(EDIT: In addition to this article you might want to check out some additional thoughts on the devaluation I published here)
Wow. Back when I wrote about the Krisflyer devaluation that took place in May of 2016 I confidently said the program was safe for at least another year, since no one would devalue a program twice in quick succession (To be fair, the May 2016 devaluation wasn’t really much of a devaluation; award prices largely remained the same (with the exception of the consolidating Europe into one zone))
Shows what I know. Here’s SQ’s 70th anniversary present to you, a surprise email announcing a devaluation effective 23 March 2017. The old award chart is here. The new award chart is here. To summarize-
- SQ has removed its much maligned fuel surcharges from award redemptions. I nearly fell off my seat when I read this, because the cynic in me has always seen that as an easy money maker for SQ.
- Award prices are going up across the board (we’ll look at how much in the detailed analysis) and there is no longer any 15% discount for online redemptions
What you need to realise is that this devaluation changes everything.
That sounds dramatic, but the fact is that the underlying math has changed, and now we need to reconsider a lot of the conclusions I’ve come to in other articles on this site. They’ll be updated gradually, but let’s do some analysis here first.
How much have award prices increased?
Standard awards, saver/standard upgrade awards and premium economy saver awards have not been touched in one sense, but in another they now all cost 15% more because of the removal of the online redemption discount.
I’ve put together the new and old saver redemption rates for comparison-
- Surprisingly, the awards that have gone up the most (in % terms) are Economy Savers to Japan/South Korea and Australia (ex Perth and Darwin) + NZ. These awards go up by ~30%.

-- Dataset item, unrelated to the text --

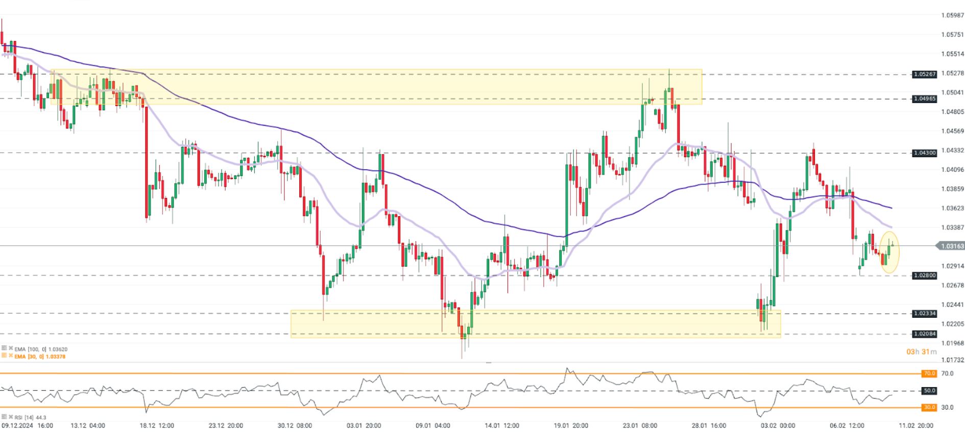 El par EURUSD se recupera un 0,25% desde su mínimo tras el anuncio de los aranceles al acero y al aluminio. Un plan de represalia preciso de la UE podría impulsar al par de divisas hacia la EMA de 30 períodos (violeta claro). Sin embargo, la volatilidad de hoy dependerá principalmente del discurso del presidente de la Fed, Jerome Powell. Fuente: xStation5
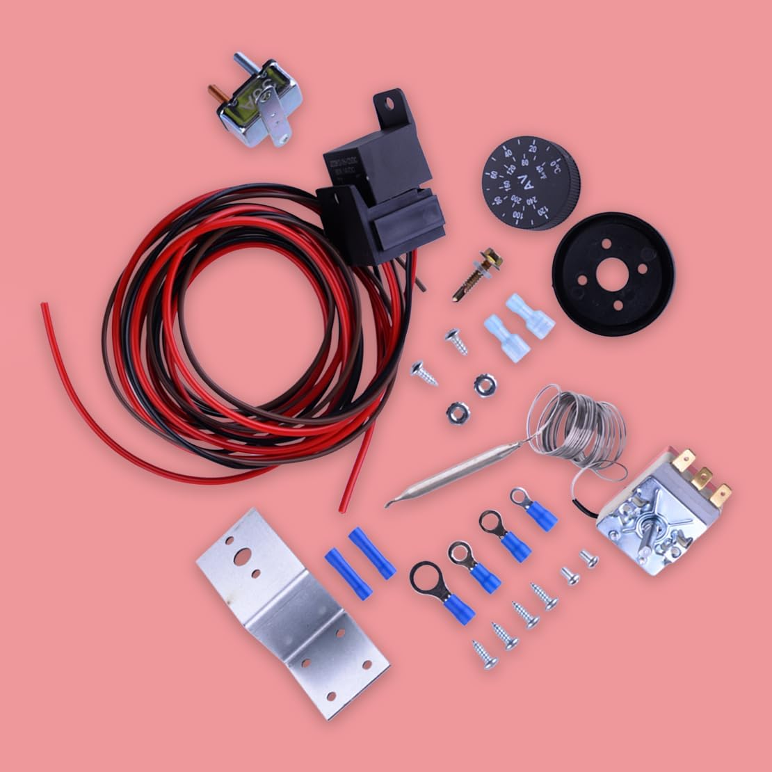 Condition: 100% new Color: as picture shows Material: Rubber & Plastic & Metal Wire Length: approx.76cm(59inch) Probe Length: 7.4cm(2.91inch) Auto Relay: 60A Circuit Breaker: 30A Voltage: 12V Temperature Range: 40-240 Fahrenheit scale (0-120 Degree Celsius) Item included:1 x Adjustable Thermostat Controller1 x Mounting Bracket1 x Turn Dial with Temp Markers5 x Mounting Screws2 x Butt Connectors1 x 30A Circuit Breaker2 x Female Connectors1 x 60A Auto Relay1 x Large Ring Terminal3 x Small Ring Terminals1 x Wiring Harness Suitable for: 12V cooling fan Compatible With: compatible for car, truck, boat, SUV This Is Aftermarket Replacement Item But Not Genuine Note:1) All dimensions are measured by hand, there may be small deviations.2) Color may vary slightly due to the color setting of each individual monitor.Feature:1) Stainless temperature probe sensor.2) Probe measures liquid or contact temperature and sends power to the fan. 3) Flexible turn-on/turn-off temperature control range of 32-248'F (0-120'C).4) 3-pin design allows thermostat to be wired as a normally open OR closed circuit.5) Probe can be mounted between radiator fins or inside inlet/outlet tube.6) Turn-off temperature is always 15 degrees less than turn-on.7) Thermostat dial has both Celsius and Fahrenheit temperature markings.8) A good replacement for the old or broken one.9) Wear resistant, durable, and long service life.

- But premium cabin awards to medium and long haul destinations have also been hit hard. Business and First Class to Japan/South Korea/Australia (ex Perth and Darwin)/ New Zealand/ Europe and the USA have all gone up by 25-30%
- Short haul and China routes see the smallest increases- Business and First Class to South East Asia and China have gone up by 18%
A 30% increase is certainly not to be sniffed at, and it’s going to hurt those people who have been trying to save up for an award only to see the goalposts moved 30% further.

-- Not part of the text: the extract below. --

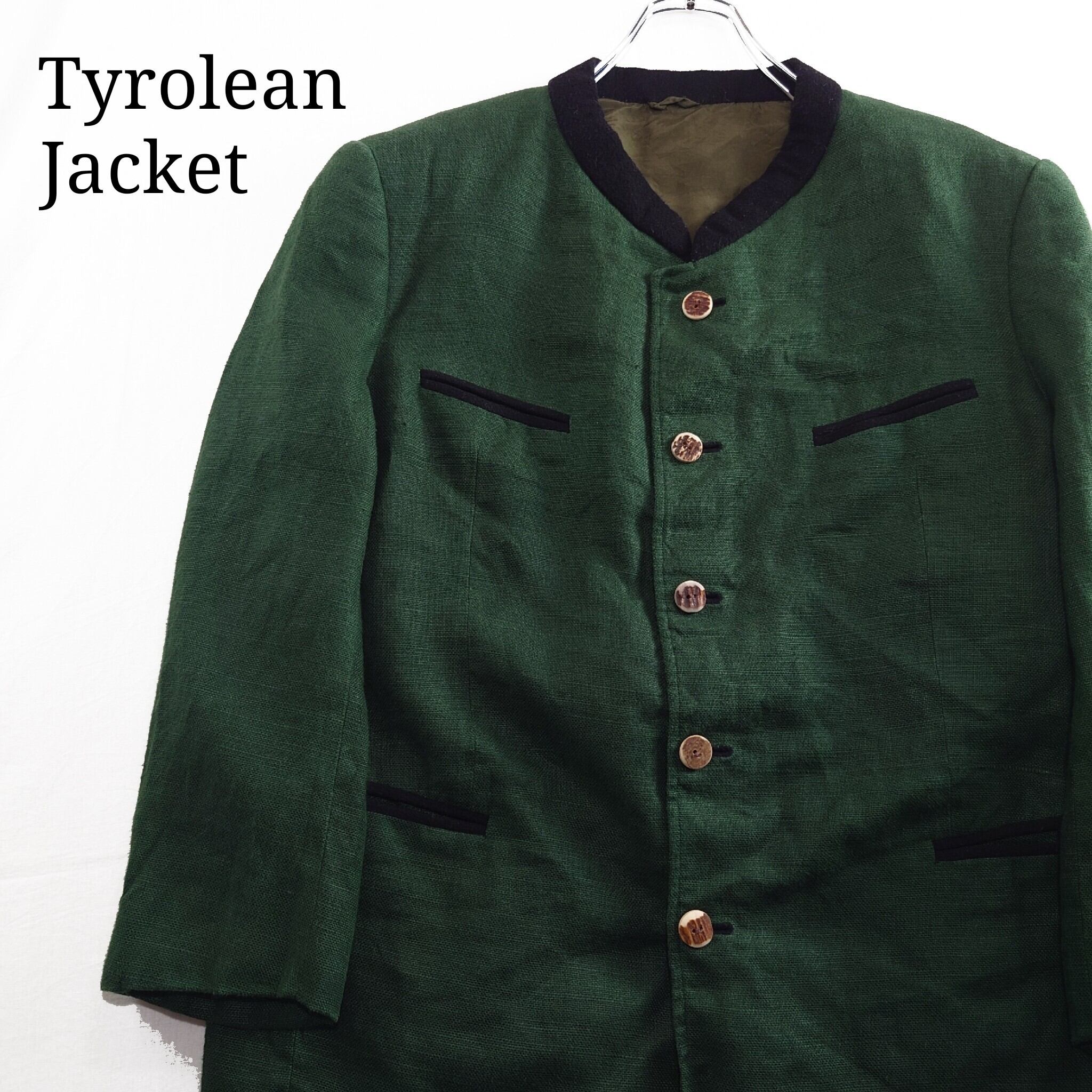 【雰囲気抜群】チロリアンジャケット ノーカラー リネンジャケット グリーン

Why would SQ remove the online redemption discount? I’m sure the original reason for introducing it was because it costs less (in terms of customer service time and overheads) to issue an online award ticket than one issued over the phone. However, SQ’s crappy website meant that people had to call in to book the following types of awards
- Upgrades that required waitlisting
- Upgrading one leg after the first leg had been flown
- Mixed cabin awards
In practice these would all receive 15% redemption discounts too because they couldn’t be done online. So perhaps SQ felt it was time to face that reality and simply stop discounting. Or perhaps the creation of a channel through which 15% discounts could be obtained created the idea in peoples’ minds that they should never be paying full price, even when they used the call centre for an award that could be easily ticketed online. It was probably easier for SQ to eliminate this altogether than have to deal with (admittedly unreasonable) customers like this.
That said, it would be unfair to straight away conclude that all Krisflyer award tickets are now “worse value” because we need to first consider the carrot that SQ has thrown us…
What are the implications of removing fuel surcharges?
This has the potential to be a silver lining. I’ve said it before and I’ll say it again that fuel surcharges are the junkiest of all charges. They make absolutely no sense. It’s like a restaurant charging you separately for ingredients and saying your base price only includes the cooking.
I applaud SQ for removing fuel surcharges (the conspiracy theorist in me is now wondering if Singapore is going to introduce legislation ala HK, the Philippines and Brazil that outlaws fuel surcharges in the next few months…) because that’s the right thing to do.
The question then is- does the absence of fuel surcharges make up for higher redemption rates?
I’ve pulled out a few award bookings I made in the past few months to check the YQ (Fuel surcharge) component. Here’s what I found (fuel surcharges in SGD)
It seems that on long haul flights (SYD, JFK, IAH), the savings in terms of fuel surcharges do not offset the additional miles you need to pay.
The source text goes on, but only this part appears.